Avec l’avènement en cours et irrémédiable des Natural User Interfaces (NUI, interfaces utilisateurs naturelles), bon nombre de substituts technologiques sont en passe d’être remplacés par un retour à l’essence même de nos actions : notre corps. La technologie évolue avec les mentalités vers des interfaces non plus « orientées » utilisateur mais vers des « utilisateurs interfaces ». Ainsi, au rythme où vont les choses, votre bonne vieille souris d’ordinateur deviendra vite aussi obsolète que le fil qui reliait nos téléphones à une prise.

Un des 1ers concepts de souris

Inventées en 1963 par Douglas Engelbart, la souris d’ordinateur était déjà une avancée vers une interaction plus humaine. Le but était d’améliorer l’expérience de l’utilisateur souhaitant déplacer une entité comme un curseur à l’écran. Avec la trackball, une boule reposant sur des roulettes laissant la boule rouler librement, il fallait rapprocher encore davantage la gestuelle initiatrice de l’action au résultat de l’action. Ainsi, si l’on veut faire monter le curseur, la main doit monter et non faire rouler une boule vers le bas. Les concepteurs ont planché et ont sorti l’idée qui révolutionnera le monde des interfaces homme-machines : la trackball inversée qui roule sur la table, la souris d’ordinateur. Jean-Daniel Nicoud invente ainsi en 1979 la Depraz, objet fondateur qui lancera une entreprise nommée Logitech.

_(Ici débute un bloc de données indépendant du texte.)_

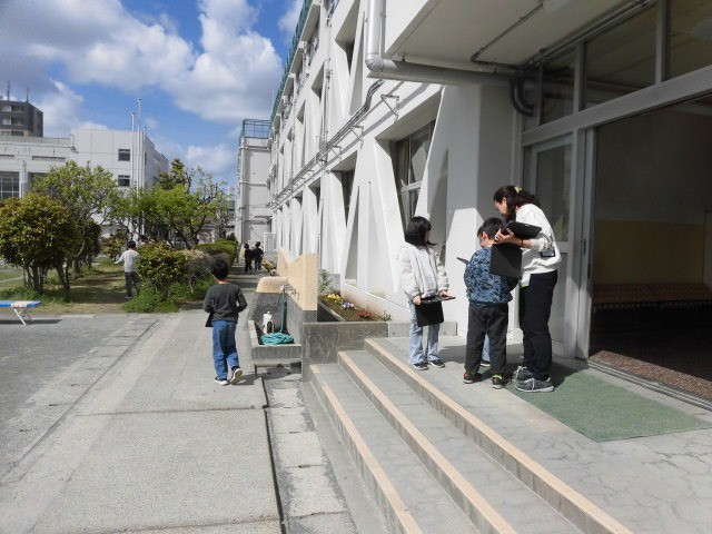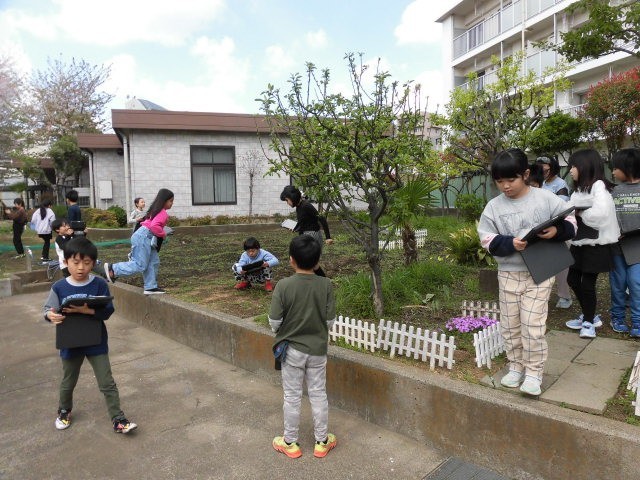 3年生の授業は理科です。二クラスとも校庭に出て、春を探しています。

Puis la souris a connu bon nombre d’améliorations mais ne changeant jamais fondamentalement le geste de l’utilisateur. Elles sont devenues plus ergonomiques, ont perdu leur boule et leur fil, ont gagné deux, trois voire huit boutons, mais le geste est resté le même. Jusqu’à l’arrivée des touchpads ou pavés tactiles.

Pavé tactile

Les pavés tactiles sont une conséquence technologique de la mobilité croissante de l’utilisateur informatique où la souris n’était plus adéquate. Quand on n’a que ses genoux comme support, difficile de trouver où faire rouler sa souris. Aussi, les ordinateurs portables se sont très rapidement vus équipés de ce nouveau dispositif de pointage relatif. On voyait déjà naître les gestuelles que nous utilisons aujourd’hui sur nos tablettes : on peut déplacer le curseur directement avec nos doigts. Le tapotement pour les clics est un autre rapprochement vers le corps humain et rend obsolète les simples boutons de souris.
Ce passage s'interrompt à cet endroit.